Google+ Authentic Parenting: The Body Image Carnival

Saturday, April 10, 2010

The Body Image Carnival

This post is participating in the Body Image Carnival being hosted by Melodie at Breastfeeding Moms Unite! and MamanADroit who will be posting articles on themes pertaining to body image all week! Make sure you check out their blogs everyday between April 12-18 for links to other participants' posts as well as product reviews, a giveaway, and some links to research, information and resources pertaining to body image.

I used to be very insecure about my body when I grew up. Physically, I was all grown up by the time I was eleven or twelve, I didn’t look that much different from what I do now. Often people thought I was at least ten years older. I did not look like other girls my age and that was probably as scary for them as it was for me.
I felt like my breasts were too small, I was too tall, too fat and plain awkward. I longed to be bulimic or anorexic, but failed at both. Looking back, I was never ugly, but it sure felt that way.
I think I only started accepting myself for who I am when I went to university. I was rather high profile being president of a student’s union and a lot of people thought I was quite a beautiful girl, so there must be some truth to it. My student’s baptism did a lot of good for my body image isuues, too, strange as it may seem. Yet I still felt fat and was on a continuous diet. By that time I had overcome the breast issue and was actually quite happy not to have to log around a large chest or wear bras all the time.

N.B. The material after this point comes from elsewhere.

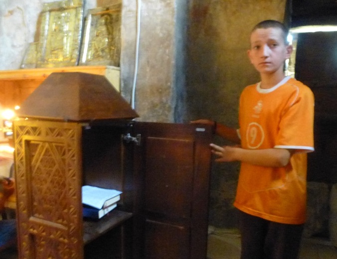 ამ დროს ეზოში პატარა ბიჭმა ურიკა შემოაგორა და ქალბატონმა სწორედ მას სთხოვა გასაღების მოტანა. ვიცოდით, სვანური ტრადიციით, ტაძრის კარი მამაკაცს უნდა გაეღო და რადგან უფროსი მამაკაცები შინ არ იყვნენ, ეკლესიის კარიც ოჯახის უმცროს მამაკაცს დაევალა. ასე გავიცანით მერვეკლასელი გიორგი ქალდანი - იმ გვარისა და ოჯახის შვილი, ვისაც ამ ტაძრის გასაღები აბარია. გიორგი, ფაქტობრივად, ამ ტაძრის სტიქაროსანიცაა და მისი სიწმინდეების მცველიც. ეს პატარა ბიჭი ზრდასრული მამაკაცივით შეგვიძღვა ტაძარში და შესაშური მასპინძლობაც გაგვიწია. მართალია, იმ წუთას სტიქარი არ ეცვა, ზეთი მაინც გვაცხო, ოჯახის ნებართვით კი საკურთხევლიდან ვერცხლის დიდი მედალიონი გამოგვიტანა, ერთ მხარეს წმინდა გიორგის, მეორე მხარეს კი - დედაღვთისმშობლის გამოსახულებით. - ეს ჩვენი სიწმინდეა, ქალდანების წინაპარს ეკეთა. შუაში იხსნება და სვანური ლოცვა წერიაო, - აგვიხსნა და მასთან მიახლების საშუალება ყველას მოგვცა.

I moved to Africa three years ago and from then on, things really started to change. Over a period of six months, I had gained back all the weight I had lost through years of dieting. Our cook was trying to do a good job, which meant that his bosses needed to be well nourished, and every time I tried to explain how to cook healthy meals, he added oil or sugar when I wasn’t watching. At that time we were living in Cameroon, where really fat people are considered beautiful. This led to horrifying cultural clashes: the plumber coming over telling me Cameroon did me justice, because I had gotten so big! That’s probably the last thing you want to hear if you are living with the ‘thin is beautiful’ mindset we are raised by.

And then I got pregnant. I had not succeeded in losing the weight again. Pregnancy added on another couple of kilo’s I couldn’t get rid of even if it killed me. We moved again, this time to Ivory Coast. By the time I write this we have been living in Africa for three years and a month.
Now you must understand that Ivorian women are really beautiful. They are brown and firm and strong and have wonderful faces. The Ivorian standard of beauty is pretty much the opposite of the western image of an unhealthy skinny blonde with enormous breasts. A beautiful woman here does not necessarily have big breasts, and she is certainly not skinny. What is called fat in Europe, they call ‘en forme’ here. Now don’t you just love that?

I have lost the weight I gained through pregnancy, and even a little more. I have gotten older, start noticing a couple wrinkles, my breasts have gotten a lot bigger (sadly, I do have to wear a bra all the time nowadays, isn’t that irony for you?). I will never be exactly the same as before I had a child., neither do I want to be. My body has changed, in a Western Society view probably for the worst. I’m sure there are some TV-shows out there that would say I can have some work done.
I still want to lose a little more weight, but this time from a health perspective. But other than that? I’m a happy, healthy woman. I am content.

I’ve been told a couple of times: “Vous avez la forme Ivoirienne.” But now, I see it as a compliment, not an insult.



  1. Great post. I think the standard of beauty here in the America is seriously lacking.
    I've always been a curvy lady, and I've grown to love my curves over the years.

  2. What a healthy attitude! We should all take heed. Brava!

  3. Gorgeous post. I love reading about how African culture views large women too. I can relate about wanting to be bulimic as a child too. I tried but could never get myself past the gagging stage. I'm happy I finally arrived at the place where I can enjoy my body as well. Thank you so much for participating in our carnival!

  4. Melodie, I was at a boarding school with all girls, so there was a lot of working each other up going on. A strange camradery to all head to the toilets after dinner and cut into our arms... but that's another story
    When I did this post, I have spend hours just looking for a pic of a beautiful african woman, the way you see them in the catalogues here, but I could not find one.

  5. So interesting to hear about the way the definition of beauty varies from culture to culture. I wish the US had a healthier definition, more athletic and curvy and not stick-thin and large-chested! I haven't been to Europe in many years, but a friend recently told me the French at least have a very thin ideal of beauty, even by American standards. Have you noticed anything like that?

  6. Yes Maman A Droit, the standard of beauty in Europe is rather distorted. I do believe than the ideal of skinnyness is even more radical than in the US, even in Belgium, where women are taller than in France.
    Big breasts, however are certainly a plus, but not as overaccentuated as in US.